Here is a self-contained example:

import ray
ray.init()

@ray.remote
def f():
    import blubb
    print('hello')

@ray.remote
def g():
    return ray.get(f.remote())

ray.get(g.remote())

robertnishihara · 2018-12-05T02:54:01Z

The (pid=31593, host=eric-ThinkPad) part is really nice.

dot fix

ericl · 2018-12-05T03:37:09Z

@robertnishihara to address the concern about suppressing worker exceptions, I added a bit of a delay for those. If the driver does not raise a task error before the delay expires, then we go ahead and print out the worker errors. Otherwise, they are suppressed. This should make it so that in the common case the right thing happens:

If there is a false negative suppression, the worst that can happen is the user gets some more error messages.
If there is a false positive, the user does not see some unhandled worker errors (but they will always be seeing some error).

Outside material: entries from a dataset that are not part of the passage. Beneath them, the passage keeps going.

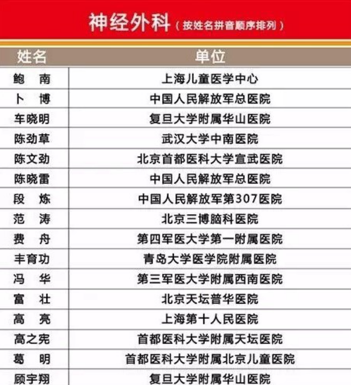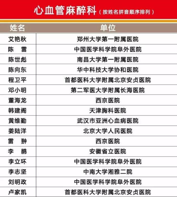 华医纵横榜 — 心血管麻醉科医生名录(部分)
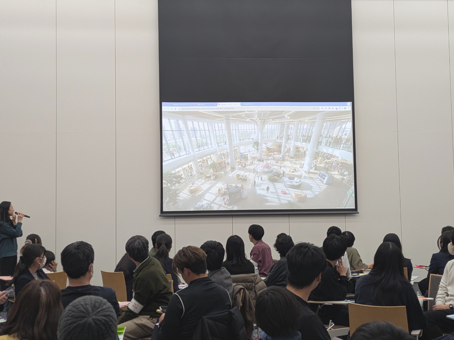 後半ではどんな町づくり、空間ができると幸せで生き生きとした暮らしができるかを小グループで話し合い、そこで出たアイデアを生成AIで画像化する試みが行われました。
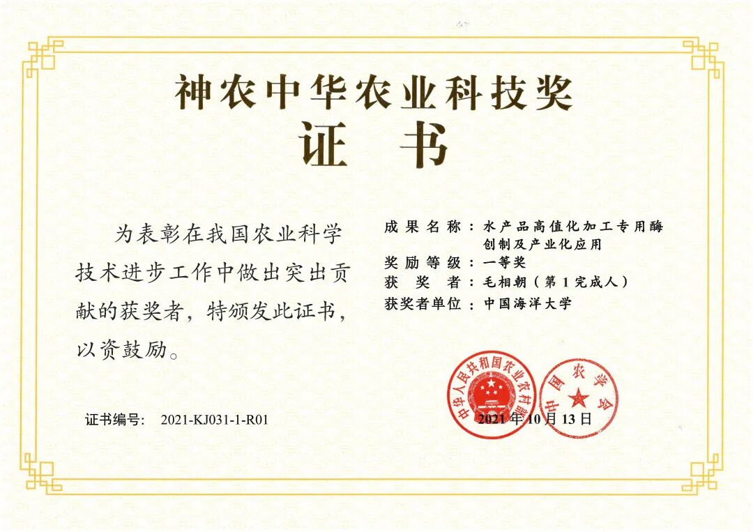薛长湖团队成果荣获2020年度国家科技进步二等奖

AmplabJenkins · 2018-12-05T04:09:41Z

Test FAILed.
Refer to this link for build results (access rights to CI server needed):
https://amplab.cs.berkeley.edu/jenkins//job/Ray-PRB/9767/
Test FAILed.

AmplabJenkins · 2018-12-05T04:24:05Z

Test FAILed.
Refer to this link for build results (access rights to CI server needed):
https://amplab.cs.berkeley.edu/jenkins//job/Ray-PRB/9758/
Test FAILed.

AmplabJenkins · 2018-12-05T06:34:29Z

Test FAILed.
Refer to this link for build results (access rights to CI server needed):
https://amplab.cs.berkeley.edu/jenkins//job/Ray-PRB/9768/
Test FAILed.

AmplabJenkins · 2018-12-08T08:53:54Z

Test FAILed.
Refer to this link for build results (access rights to CI server needed):
https://amplab.cs.berkeley.edu/jenkins//job/Ray-PRB/9866/
Test FAILed.

pcmoritz · 2018-12-09T02:15:33Z

@ericl: Can you update test_actor_creation_node_failure, see https://travis-ci.com/ray-project/ray/jobs/163807495

=================================== FAILURES ===================================
_______________________ test_actor_creation_node_failure _______________________
ray_start_cluster = <ray.test.cluster_utils.Cluster object at 0x11ad184d0>
    def test_actor_creation_node_failure(ray_start_cluster):
        # TODO(swang): Refactor test_raylet_failed, etc to reuse the below code.
        cluster = ray_start_cluster
    
        @ray.remote
        class Child(object):
            def __init__(self, death_probability):
                self.death_probability = death_probability
    
            def ping(self):
                # Exit process with some probability.
                exit_chance = np.random.rand()
                if exit_chance < self.death_probability:
                    sys.exit(-1)
    
        num_children = 100
        # Children actors will die about half the time.
        death_probability = 0.5
    
        children = [Child.remote(death_probability) for _ in range(num_children)]
        while len(cluster.list_all_nodes()) > 1:
            for j in range(3):
                # Submit some tasks on the actors. About half of the actors will
                # fail.
                children_out = [child.ping.remote() for child in children]
                # Wait a while for all the tasks to complete. This should trigger
                # reconstruction for any actor creation tasks that were forwarded
                # to nodes that then failed.
                ready, _ = ray.wait(
                    children_out,
                    num_returns=len(children_out),
                    timeout=5 * 60 * 1000)
                assert len(ready) == len(children_out)
    
                # Replace any actors that died.
                for i, out in enumerate(children_out):
                    try:
                        ray.get(out)
>                   except ray.worker.RayGetError:
E                   AttributeError: 'module' object has no attribute 'RayGetError'
test/component_failures_test.py:411: AttributeError
---------------------------- Captured stderr setup -----------------------------

ericl · 2018-12-09T03:10:16Z

Done

pcmoritz

This seems to be working, can be merged when the test is fixed.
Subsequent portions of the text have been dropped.